> **DATA SHOWN**:
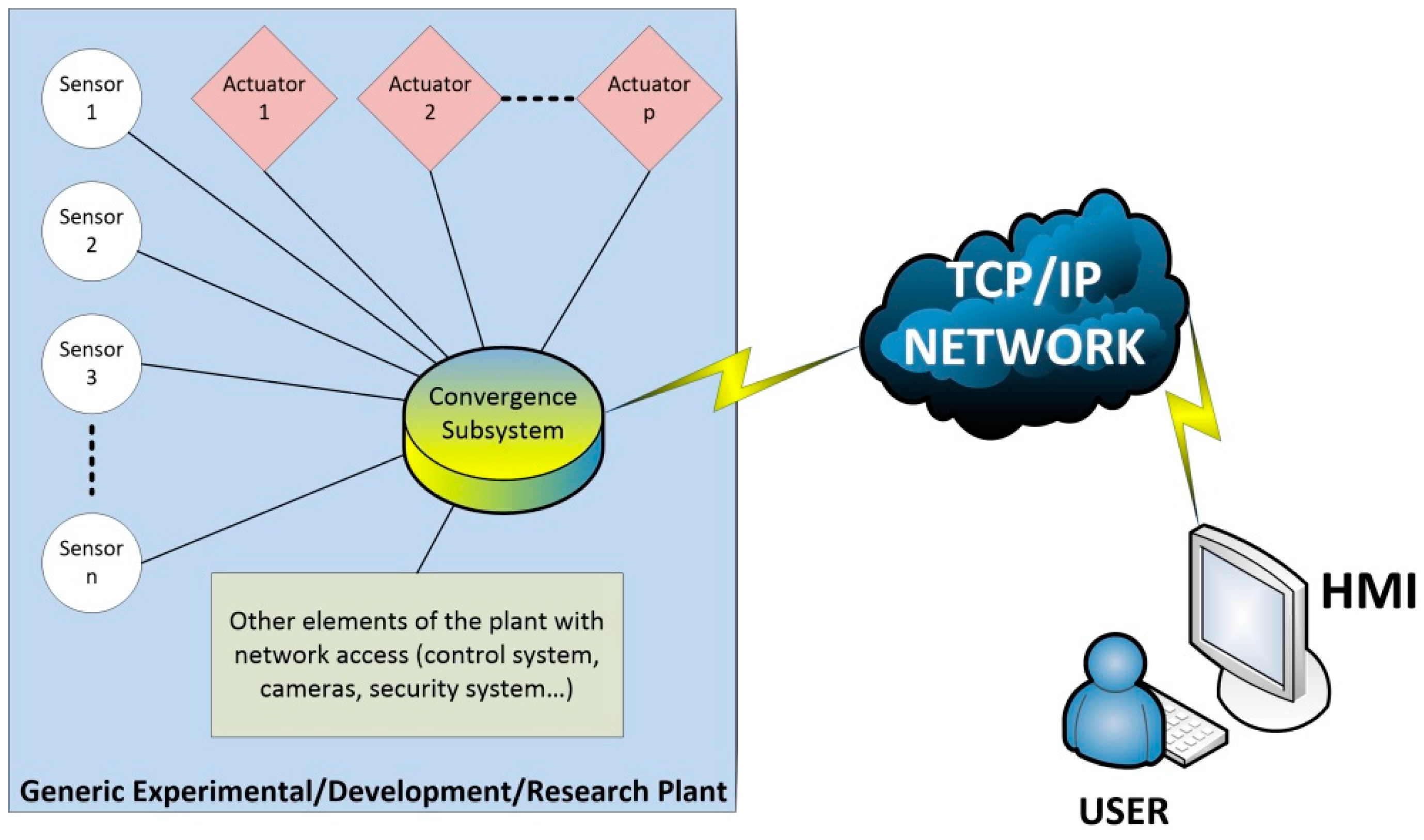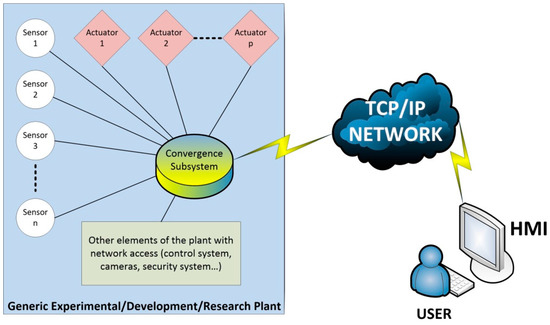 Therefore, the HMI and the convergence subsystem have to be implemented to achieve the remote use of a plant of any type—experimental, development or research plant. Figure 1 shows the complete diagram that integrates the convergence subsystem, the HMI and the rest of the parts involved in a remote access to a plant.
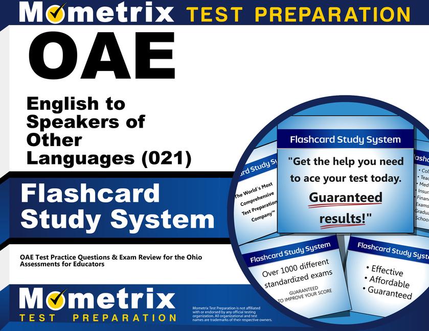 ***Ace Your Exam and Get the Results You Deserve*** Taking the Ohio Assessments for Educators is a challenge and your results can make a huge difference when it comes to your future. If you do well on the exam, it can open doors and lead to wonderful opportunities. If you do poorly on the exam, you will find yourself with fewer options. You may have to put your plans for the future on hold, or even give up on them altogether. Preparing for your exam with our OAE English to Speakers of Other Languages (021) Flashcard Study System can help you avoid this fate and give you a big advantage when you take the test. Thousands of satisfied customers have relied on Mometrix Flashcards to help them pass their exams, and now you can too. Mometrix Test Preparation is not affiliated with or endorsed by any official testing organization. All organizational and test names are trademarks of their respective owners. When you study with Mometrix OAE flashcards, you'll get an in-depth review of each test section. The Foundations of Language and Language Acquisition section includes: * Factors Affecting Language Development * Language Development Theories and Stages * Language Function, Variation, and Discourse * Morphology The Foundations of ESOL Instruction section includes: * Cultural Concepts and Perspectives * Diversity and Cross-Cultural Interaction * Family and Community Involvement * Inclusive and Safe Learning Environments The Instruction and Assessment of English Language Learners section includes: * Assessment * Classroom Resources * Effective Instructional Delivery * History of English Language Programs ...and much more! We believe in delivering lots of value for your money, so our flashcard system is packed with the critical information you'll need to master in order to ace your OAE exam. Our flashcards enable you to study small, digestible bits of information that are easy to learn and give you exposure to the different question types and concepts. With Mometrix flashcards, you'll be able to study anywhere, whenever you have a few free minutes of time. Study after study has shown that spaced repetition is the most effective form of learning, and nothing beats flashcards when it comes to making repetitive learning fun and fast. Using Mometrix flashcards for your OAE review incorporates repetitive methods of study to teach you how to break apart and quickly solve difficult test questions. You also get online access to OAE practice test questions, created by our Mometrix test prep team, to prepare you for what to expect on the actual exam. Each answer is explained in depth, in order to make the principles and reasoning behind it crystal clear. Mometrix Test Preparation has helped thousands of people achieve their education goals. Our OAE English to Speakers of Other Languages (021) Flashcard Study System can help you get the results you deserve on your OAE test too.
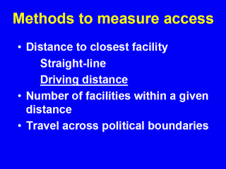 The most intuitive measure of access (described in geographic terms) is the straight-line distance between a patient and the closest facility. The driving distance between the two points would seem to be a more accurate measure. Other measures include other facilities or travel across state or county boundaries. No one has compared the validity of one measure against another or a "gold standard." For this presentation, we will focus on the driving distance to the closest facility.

> **TASK DESCRIPTION**: What is needed is a word-for-word copy of the data above, free of any images.

> **WRITTEN ANSWER**:
 Therefore, the HMI and the convergence subsystem have to be implemented to achieve the remote use of a plant of any type—experimental, development or research plant. Figure 1 shows the complete diagram that integrates the convergence subsystem, the HMI and the rest of the parts involved in a remote access to a plant.
 ***Ace Your Exam and Get the Results You Deserve*** Taking the Ohio Assessments for Educators is a challenge and your results can make a huge difference when it comes to your future. If you do well on the exam, it can open doors and lead to wonderful opportunities. If you do poorly on the exam, you will find yourself with fewer options. You may have to put your plans for the future on hold, or even give up on them altogether. Preparing for your exam with our OAE English to Speakers of Other Languages (021) Flashcard Study System can help you avoid this fate and give you a big advantage when you take the test. Thousands of satisfied customers have relied on Mometrix Flashcards to help them pass their exams, and now you can too. Mometrix Test Preparation is not affiliated with or endorsed by any official testing organization. All organizational and test names are trademarks of their respective owners. When you study with Mometrix OAE flashcards, you'll get an in-depth review of each test section. The Foundations of Language and Language Acquisition section includes: * Factors Affecting Language Development * Language Development Theories and Stages * Language Function, Variation, and Discourse * Morphology The Foundations of ESOL Instruction section includes: * Cultural Concepts and Perspectives * Diversity and Cross-Cultural Interaction * Family and Community Involvement * Inclusive and Safe Learning Environments The Instruction and Assessment of English Language Learners section includes: * Assessment * Classroom Resources * Effective Instructional Delivery * History of English Language Programs ...and much more! We believe in delivering lots of value for your money, so our flashcard system is packed with the critical information you'll need to master in order to ace your OAE exam. Our flashcards enable you to study small, digestible bits of information that are easy to learn and give you exposure to the different question types and concepts. With Mometrix flashcards, you'll be able to study anywhere, whenever you have a few free minutes of time. Study after study has shown that spaced repetition is the most effective form of learning, and nothing beats flashcards when it comes to making repetitive learning fun and fast. Using Mometrix flashcards for your OAE review incorporates repetitive methods of study to teach you how to break apart and quickly solve difficult test questions. You also get online access to OAE practice test questions, created by our Mometrix test prep team, to prepare you for what to expect on the actual exam. Each answer is explained in depth, in order to make the principles and reasoning behind it crystal clear. Mometrix Test Preparation has helped thousands of people achieve their education goals. Our OAE English to Speakers of Other Languages (021) Flashcard Study System can help you get the results you deserve on your OAE test too.
 The most intuitive measure of access (described in geographic terms) is the straight-line distance between a patient and the closest facility. The driving distance between the two points would seem to be a more accurate measure. Other measures include other facilities or travel across state or county boundaries. No one has compared the validity of one measure against another or a "gold standard." For this presentation, we will focus on the driving distance to the closest facility.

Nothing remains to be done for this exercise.